* _Required work_: Would you repeat the listing exactly, without any of its images?
>>>>
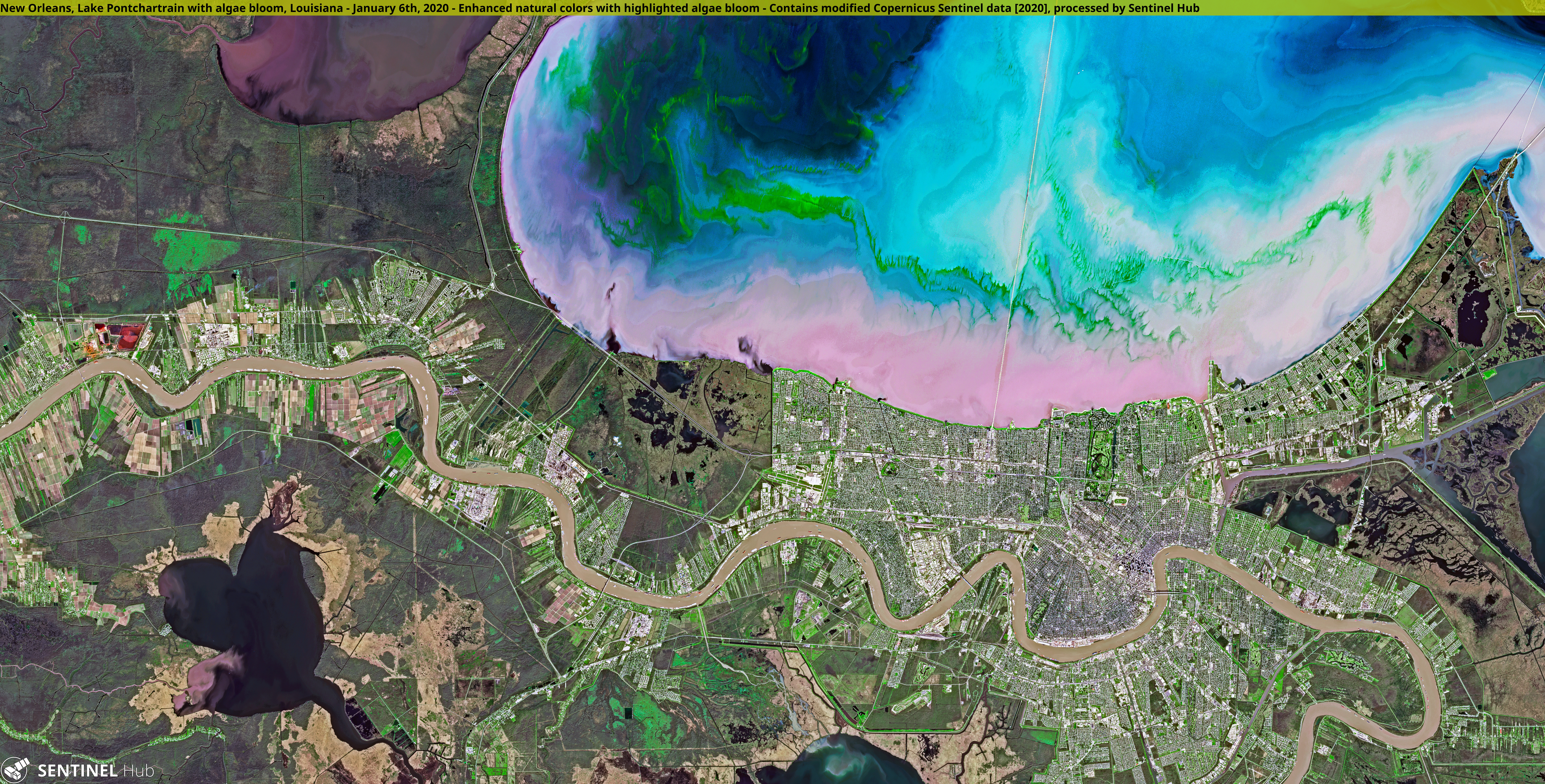 Contains modified Copernicus Sentinel data [2019], processed by Sentinel Hub New Orleans, Lake Pontchartrain with highlighted algae bloom, Louisiana - January 6th, 2020
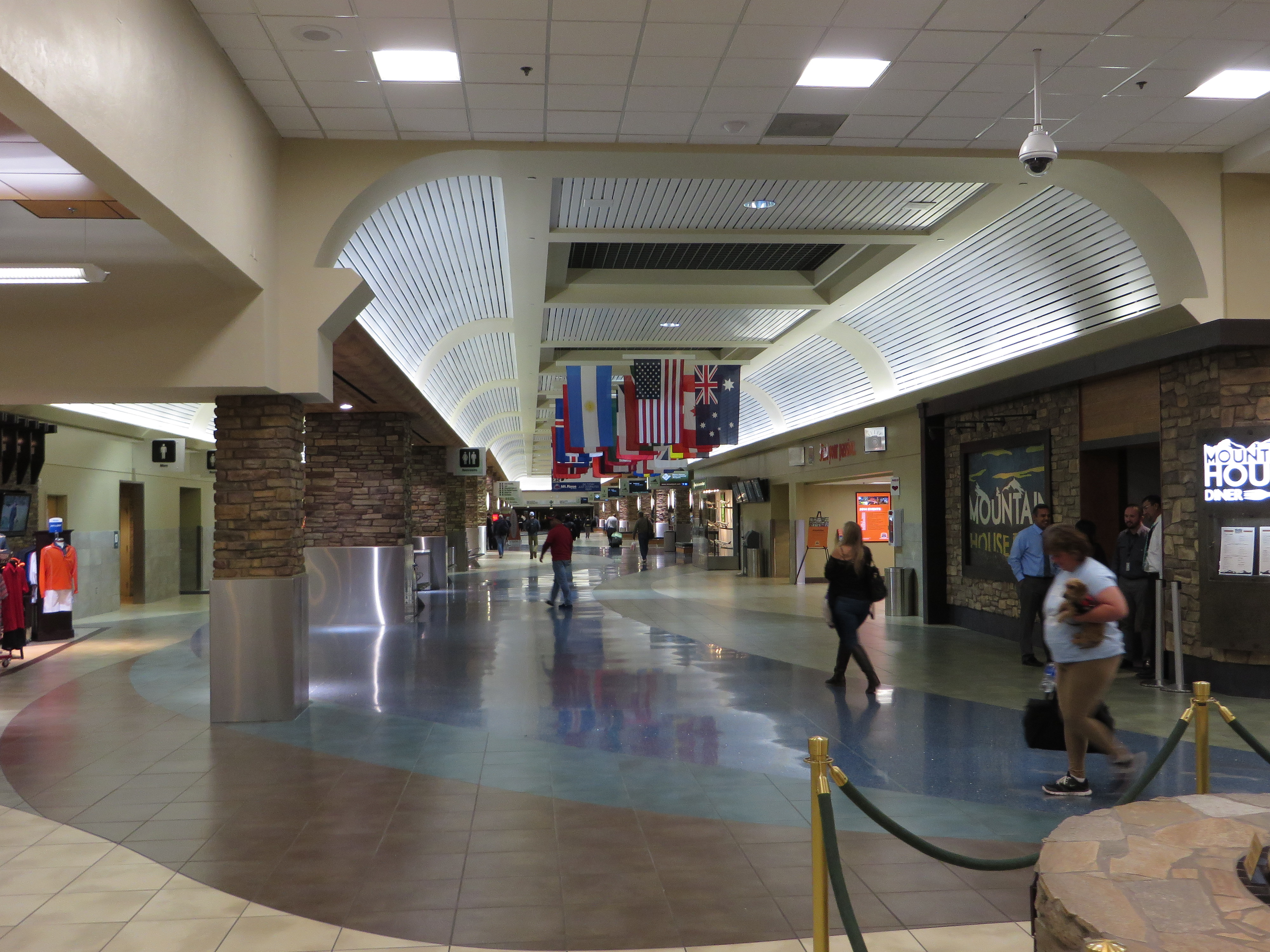 Reno–Tahoe International Airport is a public and military use airport located three nautical miles (6 km) southeast of downtown Reno, in Washoe County, Nevada. The National Plan of Integrated Airport Systems categorized it as a primary commercial service airport (more than 10,000 enplanements per year). It is the second busiest commercial airport in Nevada after McCarran International Airport in Las Vegas. Reno–Tahoe International Airport is the 61st busiest commercial airport in the United States. The Nevada Air National Guard has the 152nd Airlift Wing southwest of the airport's main terminal. The passenger terminal is named after the late US Senator Howard Cannon. The main lobby of the terminal contains an exhibit featuring the bust of Nevada State Senator (and Nevada State Senate Minority Leader) William J. "Bill" Raggio. Raggio is described in the exhibit as being "The Father of the Airport Authority."
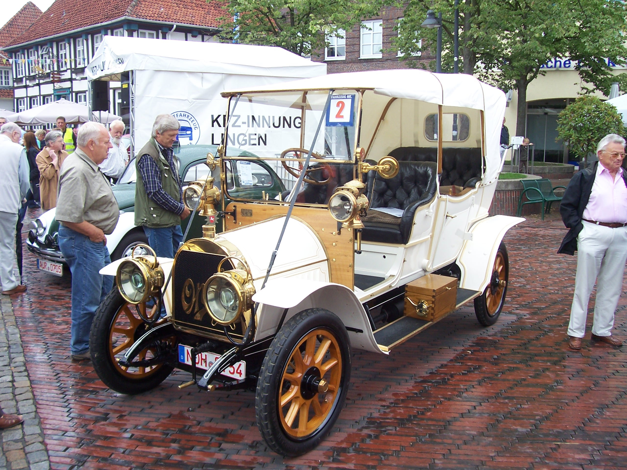 1908 Opel 8 16 Doppelphaeton
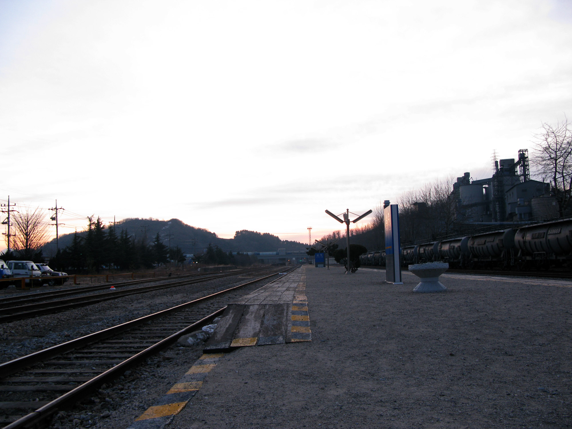 Samcheok Line Samcheok Station Platform
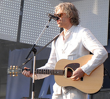 Bob Geldof
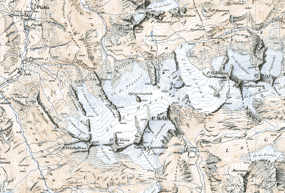 Piz Medel on the Siegfriekarte (1:50000)
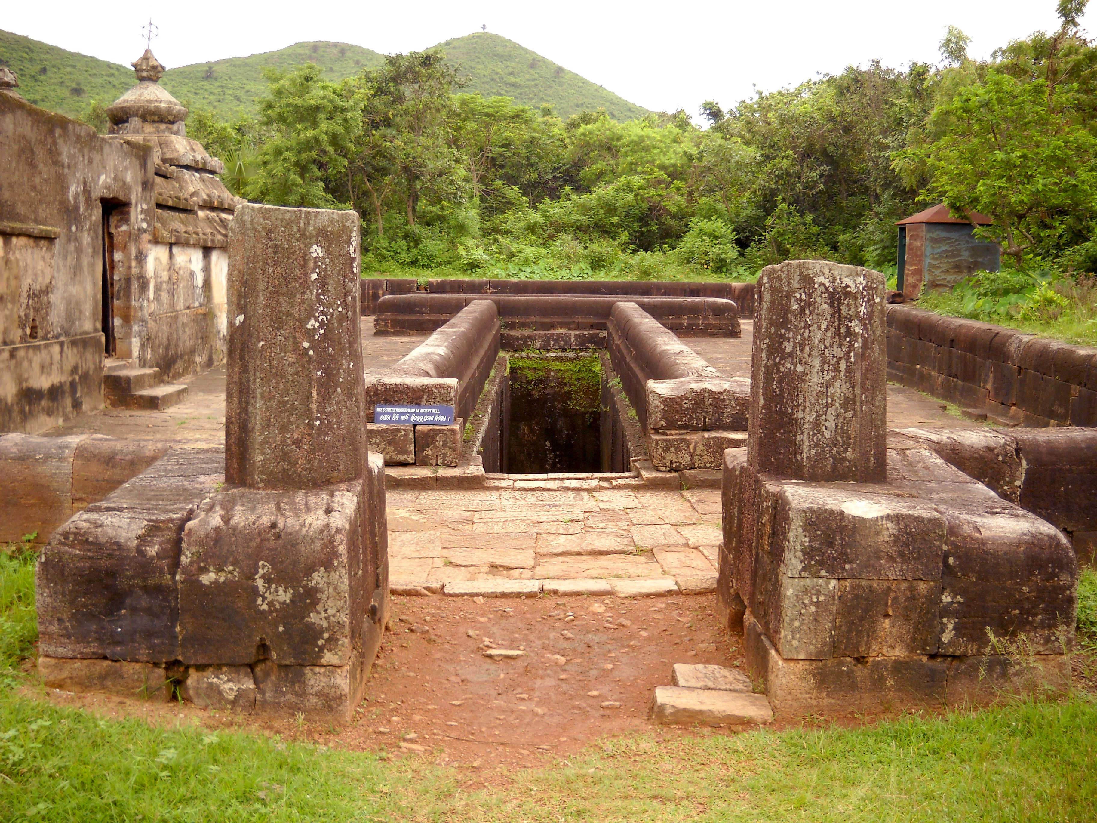 Buddhist site (excavated)
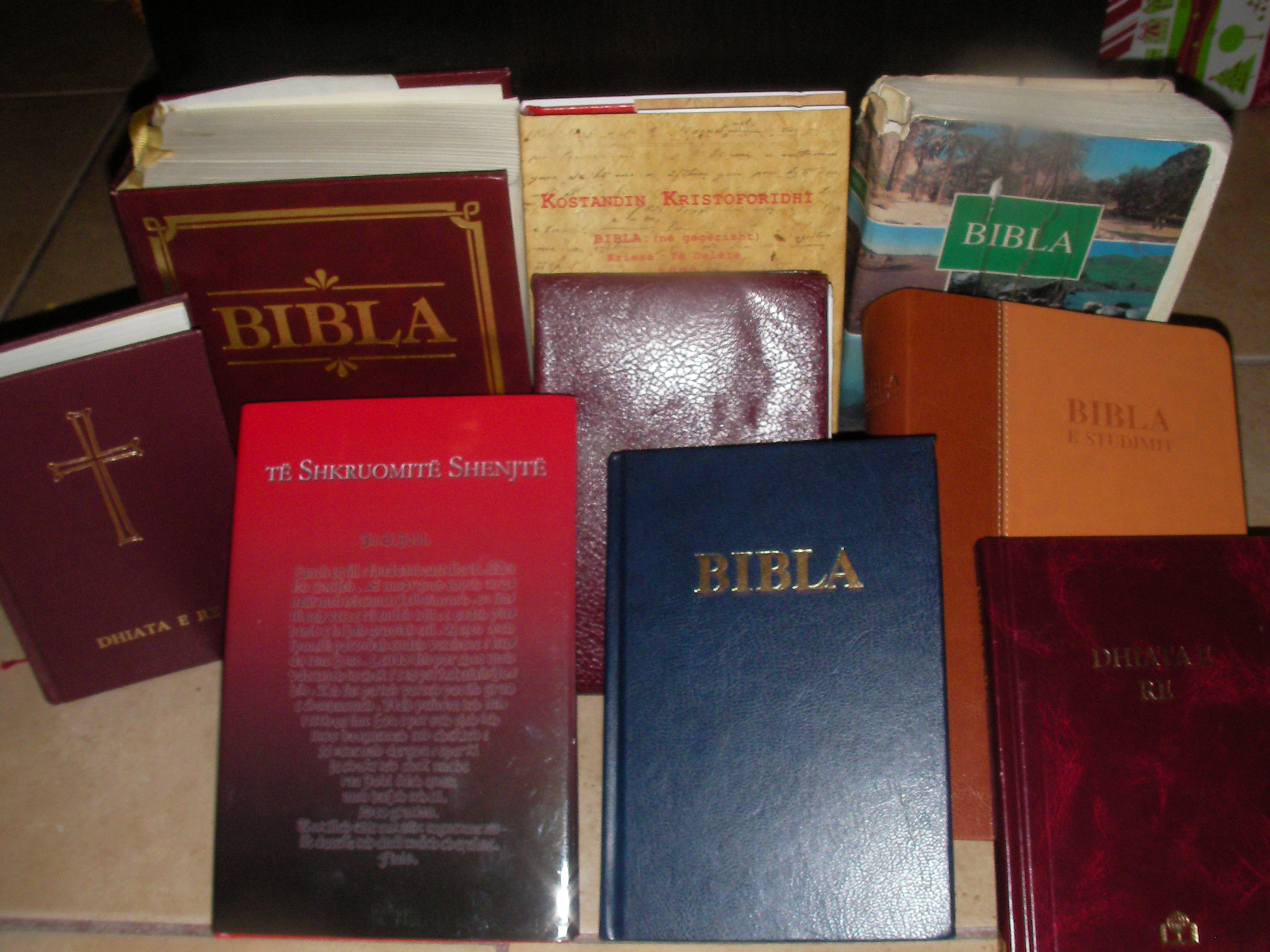 Different Albanian Bible translations
<<<<
* _Solution below_:
 Contains modified Copernicus Sentinel data [2019], processed by Sentinel Hub New Orleans, Lake Pontchartrain with highlighted algae bloom, Louisiana - January 6th, 2020
 Reno–Tahoe International Airport is a public and military use airport located three nautical miles (6 km) southeast of downtown Reno, in Washoe County, Nevada. The National Plan of Integrated Airport Systems categorized it as a primary commercial service airport (more than 10,000 enplanements per year). It is the second busiest commercial airport in Nevada after McCarran International Airport in Las Vegas. Reno–Tahoe International Airport is the 61st busiest commercial airport in the United States. The Nevada Air National Guard has the 152nd Airlift Wing southwest of the airport's main terminal. The passenger terminal is named after the late US Senator Howard Cannon. The main lobby of the terminal contains an exhibit featuring the bust of Nevada State Senator (and Nevada State Senate Minority Leader) William J. "Bill" Raggio. Raggio is described in the exhibit as being "The Father of the Airport Authority."
 1908 Opel 8 16 Doppelphaeton
 Samcheok Line Samcheok Station Platform
 Bob Geldof
 Piz Medel on the Siegfriekarte (1:50000)
 Buddhist site (excavated)
 Different Albanian Bible translations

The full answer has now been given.